Tool use improves dramatically. The model’s strong function-calling capabilities were previously hamstrung by context limits. With 90K tokens, you can feed it:
– Multiple API documentation pages
– Several repository trees
– Extended conversation history
– Complex system prompts
All without the constant token-budget anxiety.
The Bigger Picture: Beyond GLM-4.7-Flash
This optimization hints at a broader trend: model architectures are outpacing inference engines. MLA, Mamba, and other non-traditional architectures require rethinking assumptions baked into transformers since 2017.
The llama.cpp team’s willingness to merge breaking changes for MLA support sets a precedent. It signals that the “one size fits all” KV cache is dead, and future inference engines will need architecture-specific code paths.
For the community, this is a double-edged sword. On one hand, it unlocks incredible efficiency gains. On the other, it fragments the ecosystem, optimizations for GLM-4.7-Flash won’t help your Llama 3 inference, and vice versa.
The winners will be developers who understand these tradeoffs and pick models that match their hardware constraints. Running GLM-4.7 efficiently on consumer AMD GPUs or building local-first RAG pipelines requires matching architectural innovations to hardware capabilities.

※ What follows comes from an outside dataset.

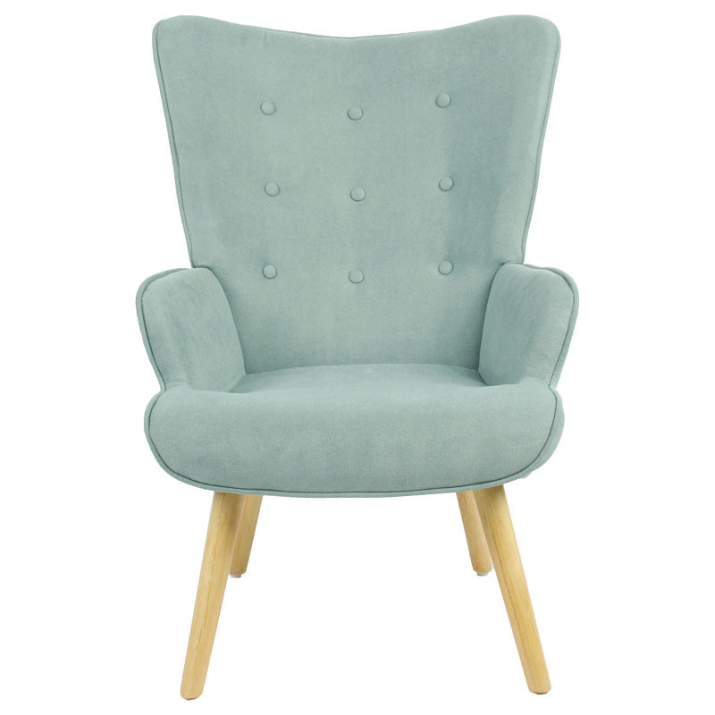 Fotoliu Fluffy material textil verde lila – culoare lemn natural 75x69x96cm

Conclusion: The Free Lunch Was Just Served
The GLM-4.7-Flash KV cache optimization is a rare true free lunch in computer science: a change that reduces memory usage, improves speed, and requires no model retraining. By simply not storing data the model never uses, we’ve unlocked nearly double the context capacity on existing hardware.
For consumers, this means longer documents, more complex agents, and better local AI tools. For researchers, it’s a reminder to question fundamental assumptions. And for the cloud AI industry, it’s another warning shot: the gap between local and hosted inference just got smaller.
The patch is live. Update your llama.cpp. Feed your GPU the context it deserves.
Next Steps:
– Try GLM-4.7-Flash with the new optimizations and report your context capacity gains
– Explore how this changes your RAG pipeline design
– Consider whether MLA-style architectures fit your use case better than traditional GQA
The future of local AI isn’t just smaller models, it’s smarter memory usage.